:: AIM OF THE TASK ::
Please give the lines below again exactly as they stand, from the one that contains "Lalki wykonane są" up to and including the one that contains "Stay cozy and", leaving all pictures out.

:: DATASET ::
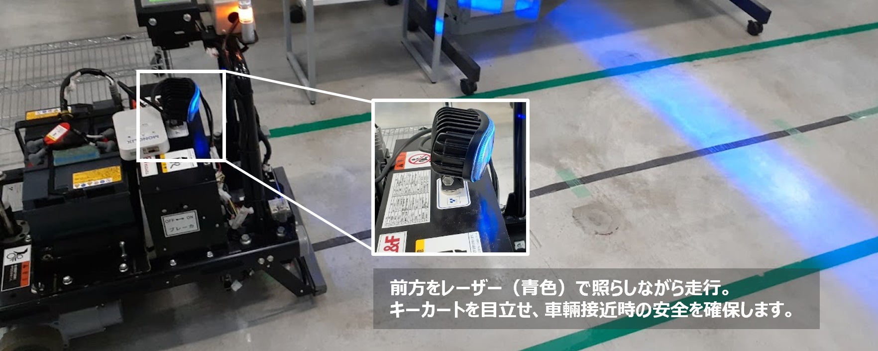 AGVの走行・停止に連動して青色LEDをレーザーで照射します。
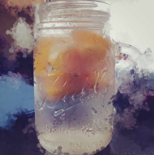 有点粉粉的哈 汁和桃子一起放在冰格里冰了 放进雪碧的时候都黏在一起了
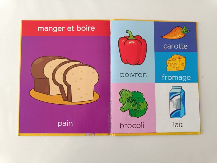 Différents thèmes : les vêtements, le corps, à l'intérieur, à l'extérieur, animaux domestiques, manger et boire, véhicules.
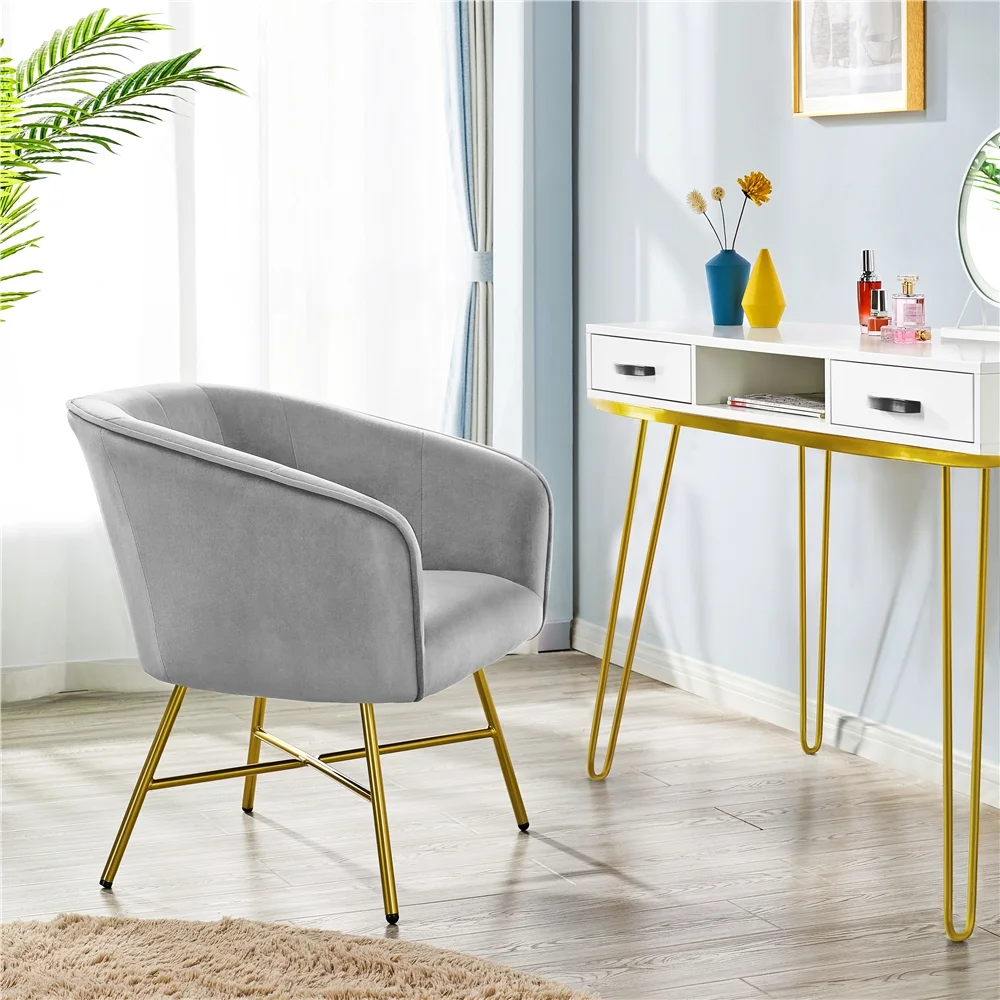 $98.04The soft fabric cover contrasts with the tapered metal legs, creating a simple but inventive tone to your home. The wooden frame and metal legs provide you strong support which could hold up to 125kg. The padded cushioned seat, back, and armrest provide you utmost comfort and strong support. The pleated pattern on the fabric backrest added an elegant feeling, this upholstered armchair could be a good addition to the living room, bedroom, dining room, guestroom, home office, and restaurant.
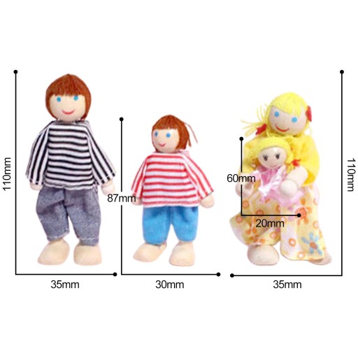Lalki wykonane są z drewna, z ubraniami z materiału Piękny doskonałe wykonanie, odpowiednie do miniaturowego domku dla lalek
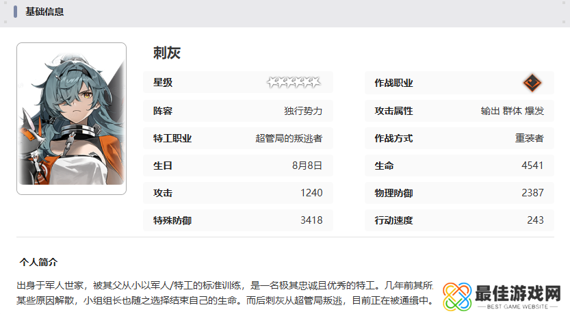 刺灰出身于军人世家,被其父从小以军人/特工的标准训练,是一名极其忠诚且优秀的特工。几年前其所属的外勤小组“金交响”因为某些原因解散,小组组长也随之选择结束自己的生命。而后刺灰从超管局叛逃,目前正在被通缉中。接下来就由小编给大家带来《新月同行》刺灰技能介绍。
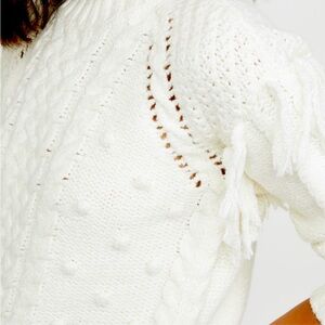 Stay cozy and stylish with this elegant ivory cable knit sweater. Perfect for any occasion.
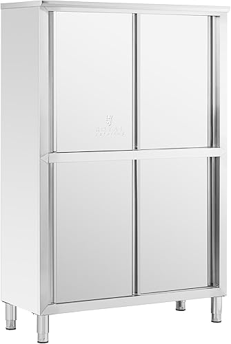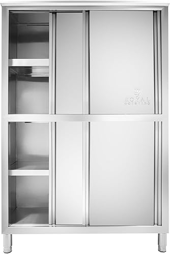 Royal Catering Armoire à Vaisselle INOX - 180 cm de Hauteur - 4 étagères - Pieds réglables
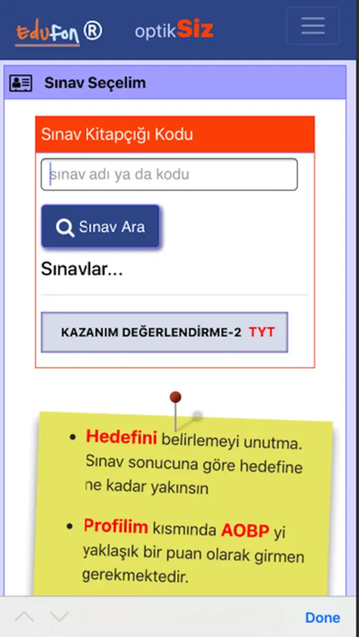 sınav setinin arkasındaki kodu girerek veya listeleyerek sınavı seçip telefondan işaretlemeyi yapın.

:: SOLVED PROBLEM ::
Lalki wykonane są z drewna, z ubraniami z materiału Piękny doskonałe wykonanie, odpowiednie do miniaturowego domku dla lalek
 刺灰出身于军人世家,被其父从小以军人/特工的标准训练,是一名极其忠诚且优秀的特工。几年前其所属的外勤小组“金交响”因为某些原因解散,小组组长也随之选择结束自己的生命。而后刺灰从超管局叛逃,目前正在被通缉中。接下来就由小编给大家带来《新月同行》刺灰技能介绍。
 Stay cozy and stylish with this elegant ivory cable knit sweater. Perfect for any occasion.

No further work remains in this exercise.